El trabajo era más o menos sencillo. Se trataba de encontrar una buena historia y realizar un reportaje. Teníamos veintipocos años, era el año 2000, vivíamos en Londres y estudiábamos periodismo. Intentamos grandes gestas, tocamos muchas puertas y se abrieron algunas pocas. Ahí aprendimos una de las primeras lecciones: empieza con lo que tengas más cerca.

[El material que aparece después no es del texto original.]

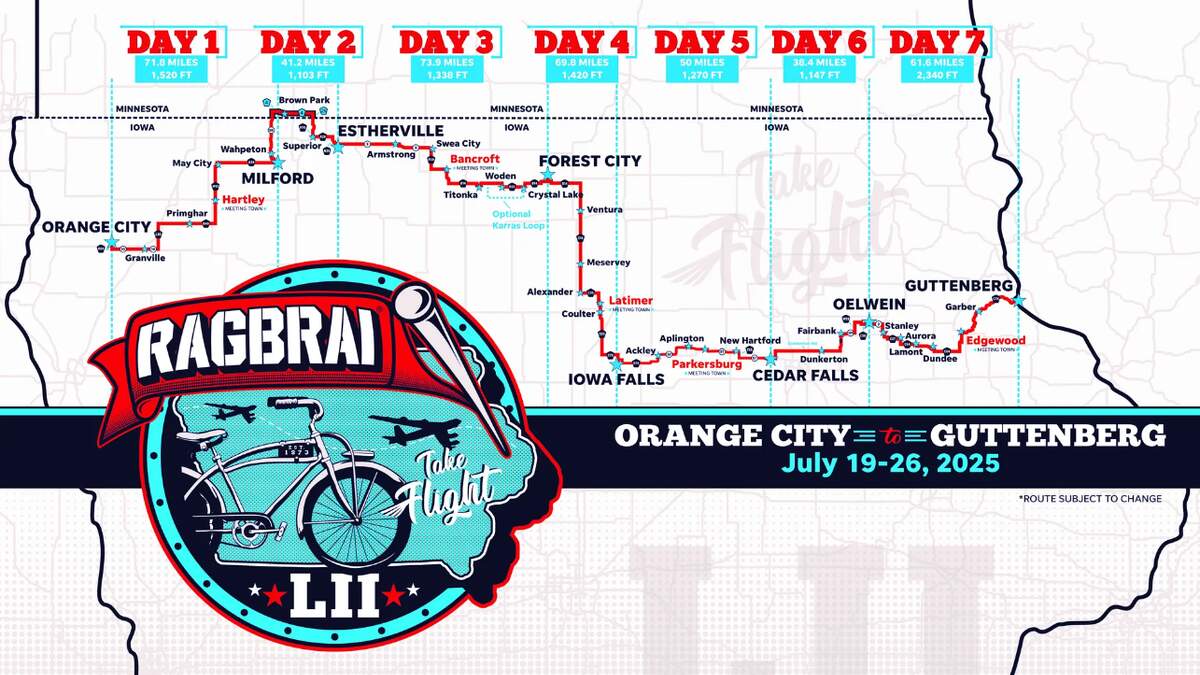 (Des Moines, IA) -- The 2025 RAGBRAI route will cross the Iowa-Minnesota state line for the first time ever.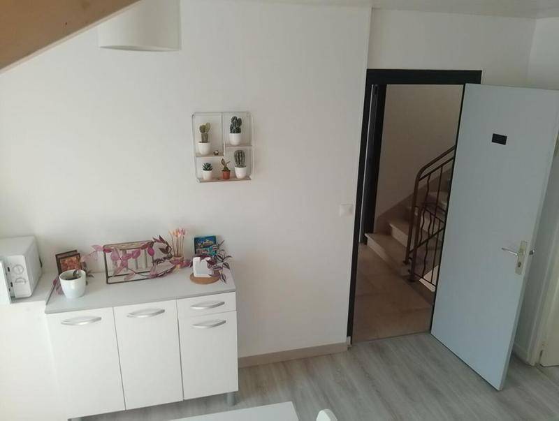 Un deuxième appartement en duplex : Une pièce de vie avec cuisine aménagée et équipée, un salon . Une chambre , une salle de bains et un WC complètent cet étage .

Yo me fui a entrevistar a miembros de las Brigadas Internacionales, Eri Tsukuda hizo un gonzo sobre una secta pagana y Daniel Schearf empezó con lo que realmente tenía más cerca: nuestra universidad. Corría el año 2000 y todavía existían las torres gemelas, se fumaba en los bares y no había redes sociales. Acabábamos de vivir una polémica sin que realmente nos tocara y Daniel tiró de ahí: una de las dos asociaciones musulmanas de estudiantes repartía folletos en la puerta de la universidad en protesta por no dejarles usar el espacio común estudiantil -la Student Room- para rezar. El argumento del decanato para oponerse era claro: la universidad era un espacio libre de expresiones religiosas, y la sala era de uso compartido.

Daniel investigó a las dos asociaciones, formadas exclusivamente por estudiantes británicos -generalmente de la zona cercana a la universidad, situada en Harrow-, todos de clase media y mayoritariamente de ascendencia árabe. El representante de una de las asociaciones admitió que obtenían financiación de Hizb ut-Tahrir, la organización internacional pan-Islámica que ha sido definida como una “autopista directa” hacia el terrorismo y cuyo líder Ata Abu-Rishta, años más tarde, abogó en un discurso por la «destrucción» de los hindúes en Cachemira, los rusos en Chechenia y los judíos en Israel.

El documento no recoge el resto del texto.